KubeDojo

Docker Agent: Multi-Agent AI Teams in Sandboxed Environments

KubeDojo
by KubeDojo··15 min read·
Docker Agent: Multi-Agent AI Teams in Sandboxed Environments

Introduction

You want your AI coding agent to build images, run containers, and test deployments autonomously. But giving it access to your host Docker daemon is like handing a stranger your house keys. They can see everything, touch everything, and leave traces everywhere.

This is the autonomy paradox: agents need Docker to be useful, but can't be trusted with your Docker.

Docker Desktop 4.63+ solves this with two complementary tools. Docker Agent is an open-source framework for building teams of specialized AI agents with declarative YAML configuration. Docker Sandboxes runs those agents in isolated microVMs with private Docker daemons, providing hypervisor-level isolation that keeps your host untouched. (Previously called cagent in Docker Desktop 4.49-4.62 — same tool, renamed CLI.)

Instead of prompting one generalist agent that context-switches constantly, you define a team: a product manager that breaks down requirements, a designer that creates wireframes, a full-stack engineer that implements features. Each agent has specialized instructions, minimal necessary tools, and clear handoff protocols. The root agent coordinates the workflow automatically.

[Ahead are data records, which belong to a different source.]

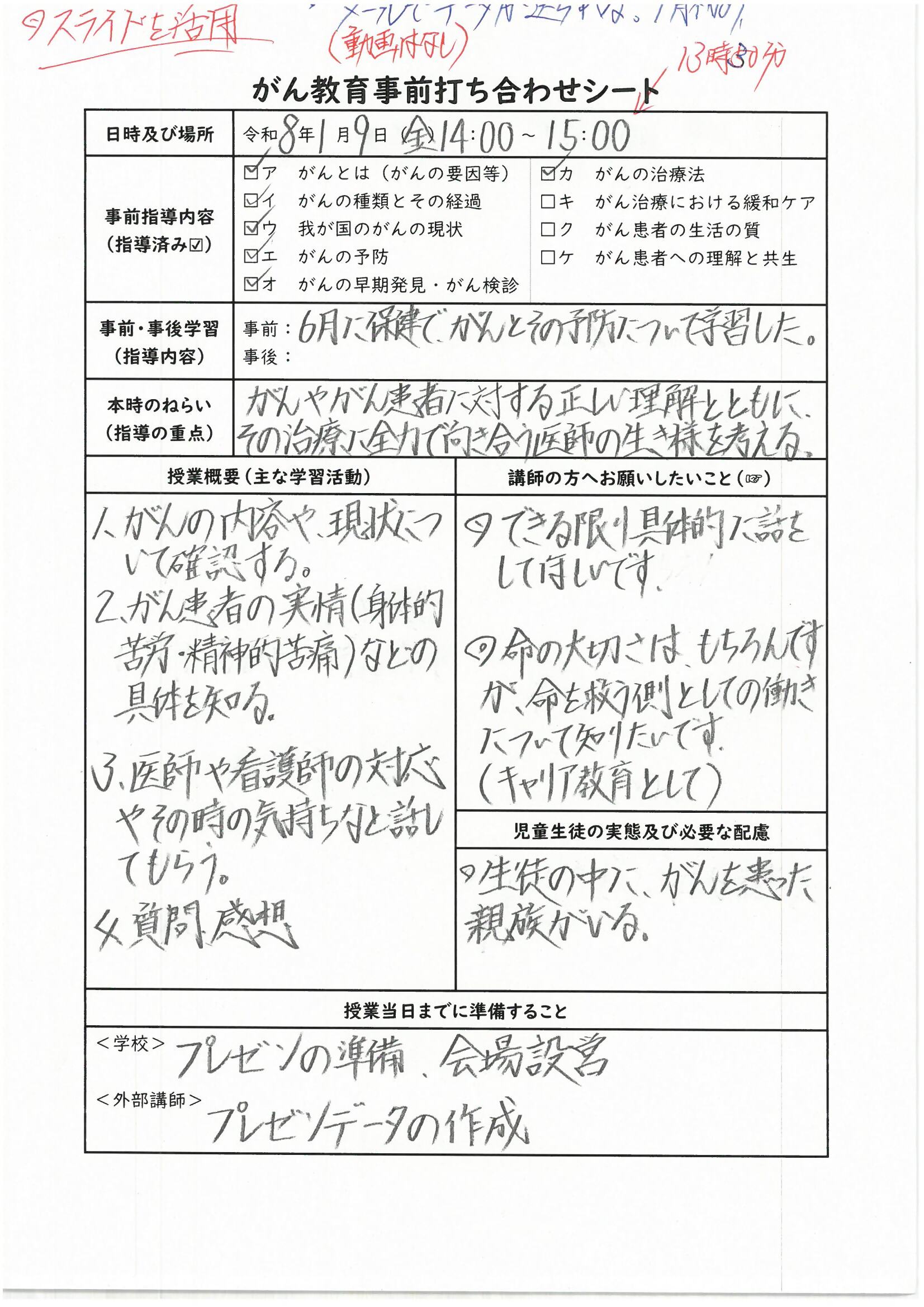 推進指定校が作成・使用した外部講師との事前打合せシートや学習指導案等の資料を掲載しましたので、がん教育推進の参考にしてください。
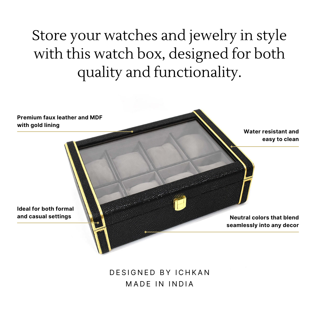 Leatherette Watch Storage and Organiser Box 8 Partition | Black | Serpentine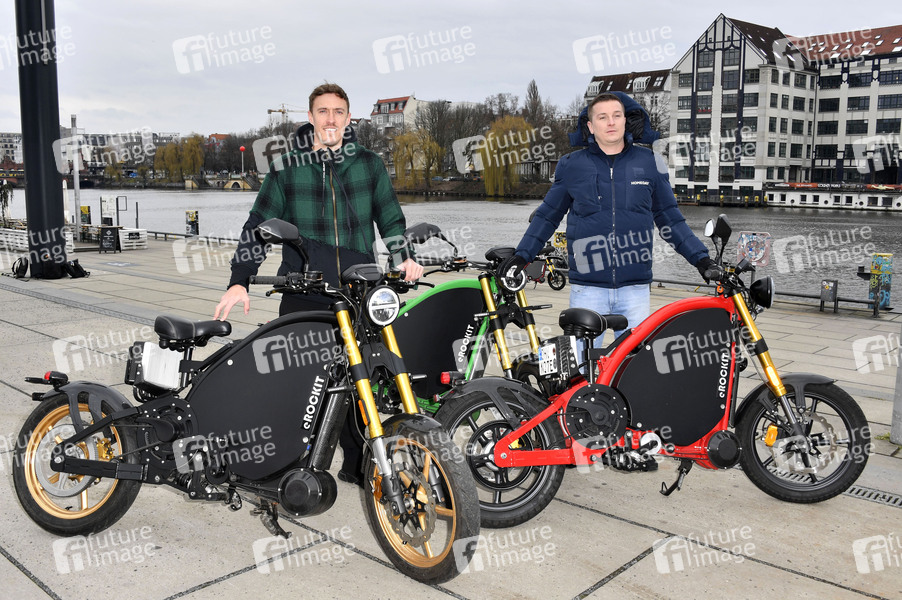 Max Kruse und Aaron Troschke beim Fototermin zur Eröffnung der Zweiradsaison 2021 mit eROCKIT an der East Side Gallery. Berlin, 11.03.2021

Docker Agent — Declarative AI Teams

Single generalist agents try to do everything: research, design, code, test. The result is constant context-switching and jack-of-all-trades output. Docker Agent shifts the model from prompting to orchestration.

You define agents in YAML — their models, instructions, tools, and relationships. A root agent delegates tasks to sub-agents with specialized roles. Each agent stays focused on its lane.

Agent anatomy:

# Agent configuration format (Docker Agent 0.3+)
models:
  model:
    provider: anthropic
    model: claude-sonnet-4-0
    max_tokens: 64000

agents:
  root:
    model: model
    description: Product Manager - Leads the development team
    instruction: |
      You are the Product Manager leading a development team...
      # ... [detailed workflow and iteration principles]
      Break down requirements into small iterations
      Coordinate between designer → frontend → fullstack → QA
    sub_agents: [designer, awesome_engineer]
    toolsets:
      - type: filesystem
      - type: think
      - type: todo
      - type: memory
        path: dev_memory.db
      - type: mcp
        ref: docker:context7

Earlier Docker Agent versions (4.49-4.62, when called cagent) use model_name at the agent level instead of a separate models block.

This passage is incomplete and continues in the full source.